Thursday, September 17, 2009

If I were David Foster Wallace I'd be worrying about not writing right now. (I'd also be dead.)

It's been just over a year since David Foster Wallace died. In memoriam, I'm posting a few quotes from him: excerpts from his letters to Princeton undergrads on the subject of writing and a bit from a Charlie Rose interview, respectively. These particular quotes hang in my ether like clothes on a laundry line. Please don't sue me, Harper's or Charlie Rose. (Thank you.)

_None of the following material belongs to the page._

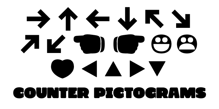 Each family member comes with a set of useful pictograms: arrows, triangles, hands, smilies and a heart.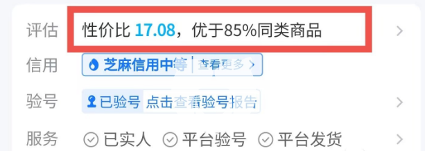买号我们也会担心性价比,交易猫会有海量的福利活动,领取优惠券是可以低价捡漏的,同时为了保障每一个买家都能买到性价比高的账号,平台也会专门对账号进行评估,我们在账号详情界面可以看到当前账号的性价比,以及与同类商品之间的对比,玩家们尽量选择性价比高的,这个功能还是很实用的。

On (or not) pulling punches:
On the one hand, a writer has to understand that his primary allegiance is to the reader, not to the article’s subject. Excessive concern about subjects’ feelings can lead to all sorts of dishonesty that the reader will be able to detect (whether this detection is conscious or not). On the other hand, life is short, and hard, and it seems like good policy to inflict the absolute minimum pain/humiliation on other people as we schlep through the day. Plus, if the reader gets the idea that gratuitous ridicule or contempt is being heaped on a subject, then there’s a whole different, nastier vibe of dishonesty or hidden agenda that can surround the piece. So it all gets quite tricky.

On truth:
...[I]t’s death if the biggest sense the reader gets from a critical essay is that the narrator’s a very critical person, or from a comic essay that the narrator’s cruel or snooty. Hence the importance of being just as critical about oneself as one is about the stuff/people one’s being critical of. Maybe the root challenge here is to form and honor a fairly rigorous contract with the reader, one that involves honesty and unblinkingness (if the latter’s a word). So that the reader gets the overall impression that here’s a narrator who’s primarily engaged in trying to Tell the Truth . . . and if that truth involves the putziness of other people or events, so be it, but if it involves the narrator’s own schmuckiness, limitations, prejudices, foibles, screw-ups at the event, etc., then these get told about too—because the truth-as-seen is the whole project here (as opposed to just mockery, or just self-ridicule, or just selfsuperiority, etc.).

On the purpose of avant-garde art:
What the really great artists do, is they're entirely themselves... They've got their own vision, their own way of fracturing reality. And that if it's authentic and true, you will feel it in your nerve endings.